Abstract

All apomicts so far studied in the Bothriochloa-Dicanthium complex had some sexual potential, but only a part, and sometimes none, of this potential was realized. The degree of sexuality of an apomict depends upon the synchronization of the various embryological phenomena, almost certainly under complex genetic control. Apomixis or lack of it, however, is probably rather simply inherited and is controlled by no more than one gene per genome.

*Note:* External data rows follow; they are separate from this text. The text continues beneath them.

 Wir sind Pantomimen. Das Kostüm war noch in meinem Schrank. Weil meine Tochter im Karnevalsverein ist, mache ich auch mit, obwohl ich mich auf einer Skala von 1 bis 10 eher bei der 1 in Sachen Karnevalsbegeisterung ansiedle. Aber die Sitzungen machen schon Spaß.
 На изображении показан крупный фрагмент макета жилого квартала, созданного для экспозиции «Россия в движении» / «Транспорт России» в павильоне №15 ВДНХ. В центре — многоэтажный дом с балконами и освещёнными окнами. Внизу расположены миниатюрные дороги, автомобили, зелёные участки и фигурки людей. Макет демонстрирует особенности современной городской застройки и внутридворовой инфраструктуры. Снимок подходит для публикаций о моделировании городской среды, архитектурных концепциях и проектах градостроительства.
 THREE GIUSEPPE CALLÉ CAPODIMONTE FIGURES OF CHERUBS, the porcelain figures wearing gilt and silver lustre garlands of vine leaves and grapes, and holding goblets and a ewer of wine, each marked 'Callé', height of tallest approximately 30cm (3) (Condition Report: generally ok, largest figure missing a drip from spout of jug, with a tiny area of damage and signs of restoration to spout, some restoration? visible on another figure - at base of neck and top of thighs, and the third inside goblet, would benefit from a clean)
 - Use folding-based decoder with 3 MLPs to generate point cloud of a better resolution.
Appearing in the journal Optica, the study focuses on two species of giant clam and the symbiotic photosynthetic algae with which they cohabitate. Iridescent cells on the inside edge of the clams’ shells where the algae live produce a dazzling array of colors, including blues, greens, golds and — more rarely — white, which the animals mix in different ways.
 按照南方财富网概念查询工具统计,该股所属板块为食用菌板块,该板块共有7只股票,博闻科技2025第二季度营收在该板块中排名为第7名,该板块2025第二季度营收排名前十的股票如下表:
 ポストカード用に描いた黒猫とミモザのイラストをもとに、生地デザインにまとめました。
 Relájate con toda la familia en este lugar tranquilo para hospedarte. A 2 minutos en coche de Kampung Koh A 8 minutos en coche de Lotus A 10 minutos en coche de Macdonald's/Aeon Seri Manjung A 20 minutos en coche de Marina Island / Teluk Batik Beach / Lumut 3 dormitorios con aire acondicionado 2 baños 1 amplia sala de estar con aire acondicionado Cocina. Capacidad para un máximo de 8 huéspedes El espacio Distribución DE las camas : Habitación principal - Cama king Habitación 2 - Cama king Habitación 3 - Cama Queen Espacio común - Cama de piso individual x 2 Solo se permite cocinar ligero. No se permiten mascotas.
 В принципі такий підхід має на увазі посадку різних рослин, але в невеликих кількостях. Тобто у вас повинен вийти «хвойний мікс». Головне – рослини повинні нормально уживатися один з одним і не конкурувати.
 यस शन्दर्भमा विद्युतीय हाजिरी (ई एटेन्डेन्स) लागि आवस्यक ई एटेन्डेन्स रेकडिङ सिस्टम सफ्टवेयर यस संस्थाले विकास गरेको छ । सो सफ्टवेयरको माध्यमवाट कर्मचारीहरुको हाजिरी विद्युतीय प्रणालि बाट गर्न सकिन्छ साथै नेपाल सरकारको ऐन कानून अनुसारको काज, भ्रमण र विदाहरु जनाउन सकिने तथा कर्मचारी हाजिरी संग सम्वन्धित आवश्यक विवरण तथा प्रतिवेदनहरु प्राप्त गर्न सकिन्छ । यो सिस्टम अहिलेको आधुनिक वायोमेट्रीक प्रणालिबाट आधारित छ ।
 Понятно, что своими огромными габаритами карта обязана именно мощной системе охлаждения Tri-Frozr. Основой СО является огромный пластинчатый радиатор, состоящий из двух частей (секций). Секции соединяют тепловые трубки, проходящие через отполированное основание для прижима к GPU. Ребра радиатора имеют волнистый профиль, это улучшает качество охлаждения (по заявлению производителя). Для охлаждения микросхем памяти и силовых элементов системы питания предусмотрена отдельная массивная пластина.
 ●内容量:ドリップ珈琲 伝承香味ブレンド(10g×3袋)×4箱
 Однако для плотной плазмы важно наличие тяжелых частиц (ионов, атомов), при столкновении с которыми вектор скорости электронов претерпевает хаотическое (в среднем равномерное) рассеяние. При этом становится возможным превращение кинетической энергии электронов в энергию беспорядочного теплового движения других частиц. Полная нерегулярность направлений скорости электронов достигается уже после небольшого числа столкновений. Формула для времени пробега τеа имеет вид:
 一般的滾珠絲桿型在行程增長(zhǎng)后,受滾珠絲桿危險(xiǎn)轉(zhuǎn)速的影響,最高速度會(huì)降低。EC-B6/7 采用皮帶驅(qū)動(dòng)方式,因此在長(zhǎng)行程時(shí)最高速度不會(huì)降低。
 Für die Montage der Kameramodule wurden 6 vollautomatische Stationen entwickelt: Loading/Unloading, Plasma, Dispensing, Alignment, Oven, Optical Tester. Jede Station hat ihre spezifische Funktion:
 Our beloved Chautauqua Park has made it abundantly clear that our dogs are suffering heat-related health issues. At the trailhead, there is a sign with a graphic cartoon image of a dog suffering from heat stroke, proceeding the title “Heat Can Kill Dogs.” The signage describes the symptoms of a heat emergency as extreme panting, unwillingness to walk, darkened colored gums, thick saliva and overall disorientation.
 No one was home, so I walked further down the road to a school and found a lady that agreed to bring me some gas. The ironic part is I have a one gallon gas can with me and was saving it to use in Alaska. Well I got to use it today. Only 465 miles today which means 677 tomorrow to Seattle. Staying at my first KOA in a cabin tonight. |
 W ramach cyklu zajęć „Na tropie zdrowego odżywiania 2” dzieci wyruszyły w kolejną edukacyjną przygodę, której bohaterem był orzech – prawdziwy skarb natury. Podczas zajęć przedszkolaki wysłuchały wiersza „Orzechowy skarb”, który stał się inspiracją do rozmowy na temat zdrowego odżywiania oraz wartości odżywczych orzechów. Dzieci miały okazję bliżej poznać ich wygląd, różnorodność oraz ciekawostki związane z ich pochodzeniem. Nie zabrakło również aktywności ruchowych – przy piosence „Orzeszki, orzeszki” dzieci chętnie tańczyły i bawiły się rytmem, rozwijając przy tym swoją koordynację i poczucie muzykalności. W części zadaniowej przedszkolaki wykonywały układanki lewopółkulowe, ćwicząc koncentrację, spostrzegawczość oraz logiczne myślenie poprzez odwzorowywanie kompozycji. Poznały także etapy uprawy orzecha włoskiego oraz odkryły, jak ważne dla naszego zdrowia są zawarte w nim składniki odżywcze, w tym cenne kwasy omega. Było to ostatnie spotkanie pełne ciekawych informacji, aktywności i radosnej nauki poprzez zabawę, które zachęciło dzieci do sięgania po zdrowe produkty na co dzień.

Apomixis was dominant to, but independent of, sexuality. Apomixis and sexual reproduction are not alternative modes of reproduction, either genetically or operationally, but are simultaneous and independent phenomena. The genes controlling normal sexual reproduction are not allelic to those controlling apomixis in the conventional sense. But, in apomicts, the genotype Aa may be assigned in the sense that the A allele induces four-nucleate asexual embryo sac formation and a allele does not. The autonomous parthenogenetic development of embryos in reduced sexual embryo sacs can take place independently of the primary apomictic mechanism. When combined with apospory, however, parthenogenesis tended to induce precocious embryos in the sexual sacs, thereby reducing the realization of sexual potential. The haploid embryos could seldom compete successfully with aposporous ones. We had here three independent phenomena operating simultaneously: normal sexual reproduction, parthenogenetic autonomous development of embryos, and nucellar apospory. Of the tetraploid plants that were studied in some detail, the apomictic ones could be assigned the genotype AaAa and the sexual ones the genotype aaaa. The fact that plants which behave as obligate apomicts could, nevertheless, be shown to be heterozygous for sexual reproduction suggests the possibility that all the naturally occurring apomicts in the group were heterozygous for these loci. Some sort of balanced heterozygote system seems to be operating here.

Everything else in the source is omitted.